Ich stellte den VW auf den schmalen Parkplatz im Pressehaus, lieferte meine Kartons ab und zog flott wieder hinaus. Zu flott. Dem neben mir geparkten Mercedes hatte ich mit meiner hinteren Stoßstange eine nussgroße Delle in die Chromabdeckung des Scheinwerfers gedrückt. Ich meldete den Schaden beim Portier. Händeringend kam der Chauffeur gelaufen. „Das Auto vom Chef! Wissen Sie, was Sie da angerichtet haben! Spezialanfertigung! 40.000 Schilling Schaden mindestens! Da muss ich IHN SELBER holen.“
Mir rann der Angstschweiß von der Stirn. Das würde mich den Job kosten. Ob Polaroid überhaupt gegen sowas versichert war? Spezialanfertigung! Eine einzige Chromblende! Nach zehn Minuten erschien der Chef, von dessen Wesen und Wirken, Größe und Namen ich weder Begriff noch Vorstellung hatte. Elastischen Gangs näherte er sich, erfasste mit einem Blick die verzweifelte Lage des Kindes der arbeitenden Klassen, das da vor ihm stand, sowie die Relativität des Schadens. Statt auf mich einzubrüllen, sprach er: „Das wird schon“ oder etwas ähnlich Wohltuendes. Ich fühlte mich, als hätte er mir auf die Schulter geklopft. Die Meldung der Versicherung traf meines Wissens bei Polaroid nie ein.

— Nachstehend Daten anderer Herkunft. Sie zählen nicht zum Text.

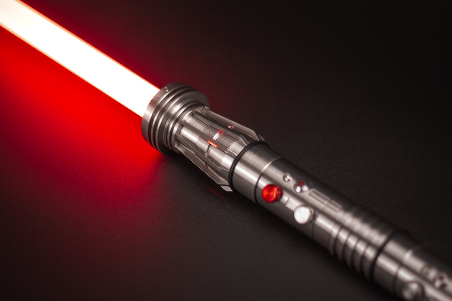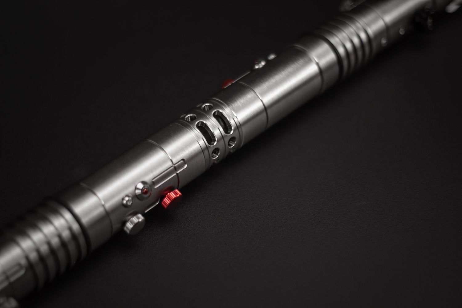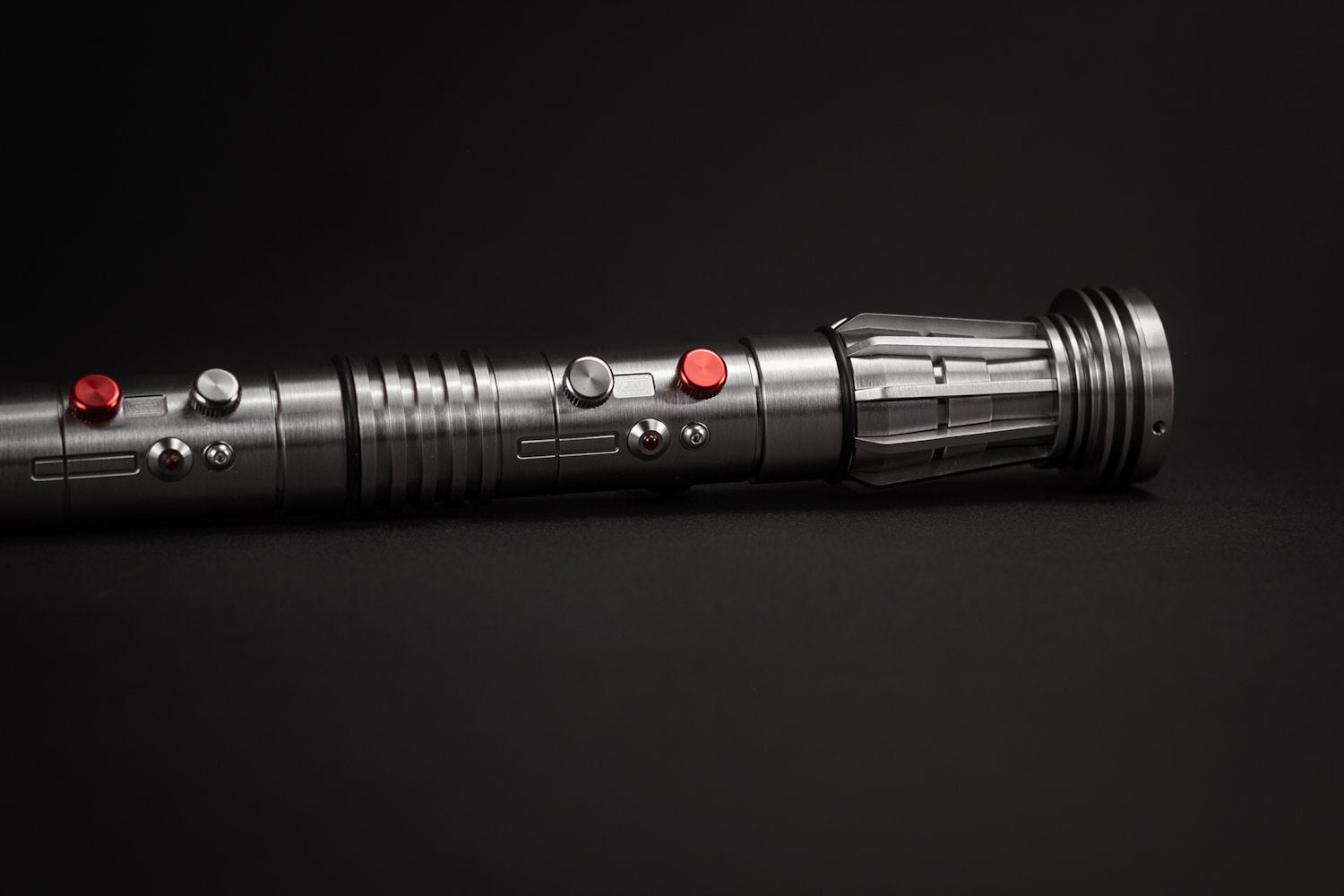 Un nuevo tipo de aleación con mayor dureza nos permitió darle un acabado cepillado sin que se raye fácilmente. También le da un color gris más oscuro lo cual lo hace resaltar aún más con sus detalles nuevos. Éste sable Élite es una réplica que cualquier coleccionista debe tener. Cuenta con nuevos botones y acabados minuciosos en toda la empuñadura. Ahora se podrá adaptar el segundo Sable de Maul a ésta empuñadura (Clone Wars) o dejarlo simétrico como en su primera aparición. Los sables pueden desmontarse para hacerse independientes.

So war sie, meine erste und einzige Begegnung mit Hans Dichand. Später sind wir in Sachen Warengeschenke für Leser zugegebenermaßen wieder einmal aneinandergeraten. Diesmal hat seine Firma Meldung gemacht, direkt bei Gericht. Aber von unserer persönlichen Begegnung, das sollte gerade im Advent einmal gesagt sein, blieb mir von Dichand der allertröstlichste Eindruck. In seiner Autobiographie fehlt diese Episode, und meine ist noch nicht erschienen. Dass er mir das Adjektiv „ultralinks“ anhängt, läßt sich mit einem Filzstift reparieren. Aber jedesmal, wenn ich wo einen Blechschaden sehe, überkommt es mich wieder, dieses vage Gefühl umfassender, weihnachtlicher Güte, beschleicht sie mich wieder, die Hoffnung, ER möge wieder auftauchen, elastischen Schritts, und, wenn nicht alles wieder gut machen, so doch erklären, es sei nicht so schlimm.«
Hans Dichand starb 2010, ohne dass wir uns je getroffen oder gar versöhnt hätten. Bei allen, die diese Geschichte schon einmal gelesen haben, entschuldige ich mich meinetwegen.
Distance, hands, masks, be considerate!